## DATA PROVIDED
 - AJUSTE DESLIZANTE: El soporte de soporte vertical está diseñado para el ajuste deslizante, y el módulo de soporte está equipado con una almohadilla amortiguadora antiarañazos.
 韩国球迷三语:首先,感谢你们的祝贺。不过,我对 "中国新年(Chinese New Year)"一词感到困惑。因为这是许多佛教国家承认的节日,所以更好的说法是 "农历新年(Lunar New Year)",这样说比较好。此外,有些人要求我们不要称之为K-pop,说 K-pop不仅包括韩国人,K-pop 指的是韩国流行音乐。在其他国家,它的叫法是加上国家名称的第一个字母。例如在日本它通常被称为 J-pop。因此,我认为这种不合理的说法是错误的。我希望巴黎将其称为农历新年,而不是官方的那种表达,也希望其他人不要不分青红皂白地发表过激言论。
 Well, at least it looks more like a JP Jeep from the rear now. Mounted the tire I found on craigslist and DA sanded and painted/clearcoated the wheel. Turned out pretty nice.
---
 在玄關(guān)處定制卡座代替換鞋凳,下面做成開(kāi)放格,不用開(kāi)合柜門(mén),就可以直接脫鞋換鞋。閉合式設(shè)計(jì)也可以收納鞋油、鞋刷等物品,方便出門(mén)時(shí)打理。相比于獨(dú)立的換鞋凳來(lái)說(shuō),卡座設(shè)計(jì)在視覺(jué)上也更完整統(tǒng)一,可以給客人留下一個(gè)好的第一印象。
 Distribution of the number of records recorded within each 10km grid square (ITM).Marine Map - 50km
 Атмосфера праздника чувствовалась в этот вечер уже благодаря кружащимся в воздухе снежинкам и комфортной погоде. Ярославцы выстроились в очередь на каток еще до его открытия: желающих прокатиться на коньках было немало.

## YOUR TASK
Reproduce word for word the material above, beginning with the line that contains "- AJUSTE DESLIZANTE: El" and ending with the line that contains "Well, at least".

## TASK ANSWER
 - AJUSTE DESLIZANTE: El soporte de soporte vertical está diseñado para el ajuste deslizante, y el módulo de soporte está equipado con una almohadilla amortiguadora antiarañazos.
 韩国球迷三语:首先,感谢你们的祝贺。不过,我对 "中国新年(Chinese New Year)"一词感到困惑。因为这是许多佛教国家承认的节日,所以更好的说法是 "农历新年(Lunar New Year)",这样说比较好。此外,有些人要求我们不要称之为K-pop,说 K-pop不仅包括韩国人,K-pop 指的是韩国流行音乐。在其他国家,它的叫法是加上国家名称的第一个字母。例如在日本它通常被称为 J-pop。因此,我认为这种不合理的说法是错误的。我希望巴黎将其称为农历新年,而不是官方的那种表达,也希望其他人不要不分青红皂白地发表过激言论。
 Well, at least it looks more like a JP Jeep from the rear now. Mounted the tire I found on craigslist and DA sanded and painted/clearcoated the wheel. Turned out pretty nice.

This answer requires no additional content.